═════ INPUT DATA ═════

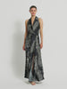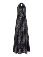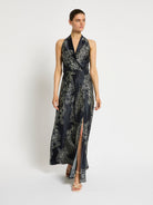 With a dramatic, abstract, cream floral design on dark ink silk viscose, the Constance Sleeveless Maxi is the perfect dress for summer parties. Featuring a draped cross-over bodice leading to an elasticated waist falling into a flowy A-line skirt with a front split finishing maxi length. For added detail the Constance Sleeveless Maxi has a V-shaped back with button closures.
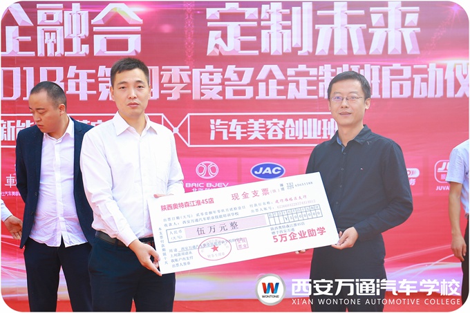 同樣值得一喜的是,江淮4S店與靚車牛人兩家企業為了鼓勵新能源定制班、美容創業班的學子能扎實掌握技能,順利通過企業考核,分別設置了5萬元的企業助學金項目和5萬元的創業基金項目。
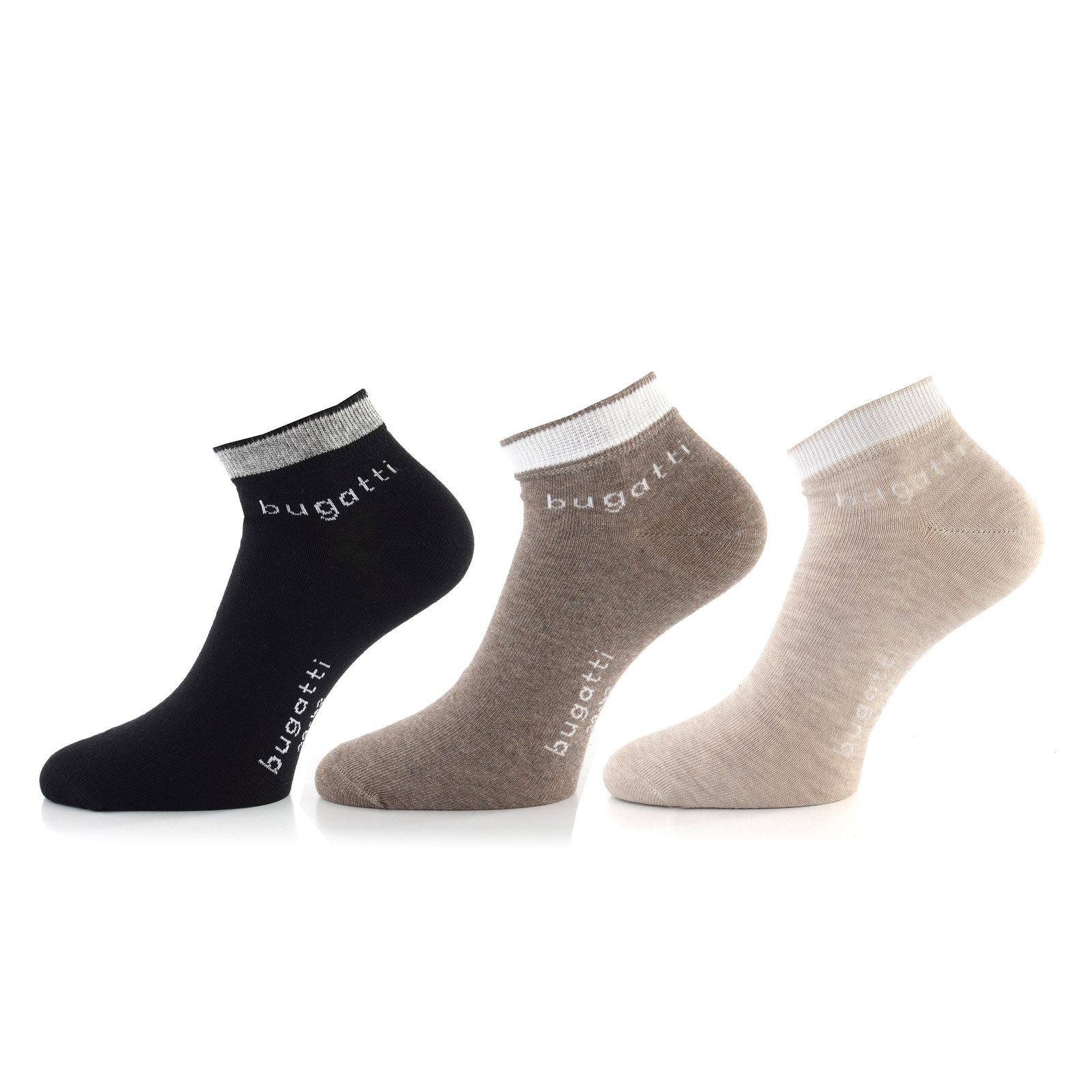 Bugatti nízké pánské ponožky 3 páry černé/hnědé/béžové 6138

═════

**REQUIRED ACTION**
Copy the preceding data in full and word for word, dropping its pictures.

**EXERCISE RESULT**
 With a dramatic, abstract, cream floral design on dark ink silk viscose, the Constance Sleeveless Maxi is the perfect dress for summer parties. Featuring a draped cross-over bodice leading to an elasticated waist falling into a flowy A-line skirt with a front split finishing maxi length. For added detail the Constance Sleeveless Maxi has a V-shaped back with button closures.
 同樣值得一喜的是,江淮4S店與靚車牛人兩家企業為了鼓勵新能源定制班、美容創業班的學子能扎實掌握技能,順利通過企業考核,分別設置了5萬元的企業助學金項目和5萬元的創業基金項目。
 Bugatti nízké pánské ponožky 3 páry černé/hnědé/béžové 6138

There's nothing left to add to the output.